Once configured, use the model name like any other:

```python
import litellm

response = litellm.completion(
    model="smart-router",  # Your complexity_router model name
    messages=[{"role": "user", "content": "What is 2+2?"}]
)
# Routes to SIMPLE tier (gpt-4o-mini)

response = litellm.completion(
    model="smart-router",
    messages=[{"role": "user", "content": "Think step by step: analyze the performance implications of implementing a distributed consensus algorithm for our microservices architecture."}]
)
# Routes to REASONING tier (o1-preview)
```

## Special Behaviors

### Reasoning Override

If 2+ reasoning markers are detected in the user message, the request is automatically routed to the REASONING tier regardless of the weighted score. This ensures complex reasoning tasks get the appropriate model.
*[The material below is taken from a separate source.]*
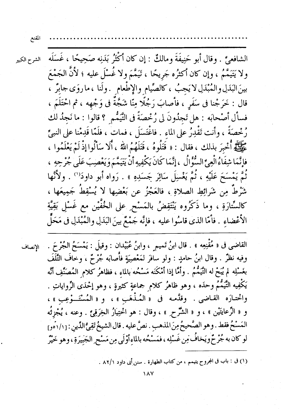 القاضي في «مُقْنِعِه». قال ابنُ تَميم، وابنُ عُبَيدان: وقيلَ: يَمْسَحُ الجُرْحَ. وفيه نظرٌ. وقال ابنُ حامدٍ: ولو سافرَ لمَعْصِيَةٍ فأصابَه جُرْحٌ، وخافَ التَّلَفَ بغَسْلِه لم يُبَحْ له التَّيَمُّمُ. وأمَّا إذا أمْكَنَه مَسْحُهْ بالماءِ، فظاهرُ كلامِ المُصَنِّفِ أنَّه يَكْفِيه التَّيَمُّمُ وحدَه، وهو ظاهرُ كلامِ جماعةٍ كثيرةٍ، وهو إحْدَى الرِّواياتِ. واخْتارَه القاضي. وقدَّمه في «المُذْهَبِ»، و «المُسْتَوْعِبِ»، و «الرِّعايتَين»، و «الشَّرْحِ»، وقال: هو اخْتِيارُ الخِرَقي. وعنه، يُجْزِئُه المَسْح فقط. وهو الصَّحيحُ مِنَ المذهبِ. نصَّ عليه. قال الشيخُ تَقِي الدِّينِ: لو كان به جُرْح ويَخافُ من غَسْلِه، فمَسْحُه بالماءِ أوْلَى مِن مَسْحِ الجَبيرَةِ، وهو خَيرٌ

### System Prompt Handling

Reasoning markers in the system prompt do **not** trigger the reasoning override. This prevents system prompts like "Think step by step before answering" from forcing all requests to the reasoning tier.

### Code Detection

Technical code keywords are detected case-insensitively and include:
- Language keywords: `function`, `class`, `def`, `const`, `let`, `var`
- Operations: `import`, `export`, `return`, `async`, `await`
- Infrastructure: `database`, `api`, `endpoint`, `docker`, `kubernetes`
- Actions: `debug`, `implement`, `refactor`, `optimize`

## Performance

- **Classification time**: <1ms typical
- **Memory usage**: Minimal (compiled regex patterns + keyword sets)
- **No external dependencies**: Works offline with no API calls

## Comparison with auto_router

| Feature | complexity_router | auto_router |
|---------|-------------------|-------------|
| Classification | Rule-based scoring | Semantic embedding |
| Latency | <1ms | ~100-500ms (embedding API) |
| API Calls | None | Requires embedding model |
| Training | None | Requires utterance examples |
| Customization | Weights, keywords, thresholds | Utterance examples |
| Best For | Cost optimization | Intent routing |

Use `complexity_router` when you want to optimize costs by routing simple queries to cheaper models. Use `auto_router` when you need semantic intent matching (e.g., routing "customer support" queries to a specialized model).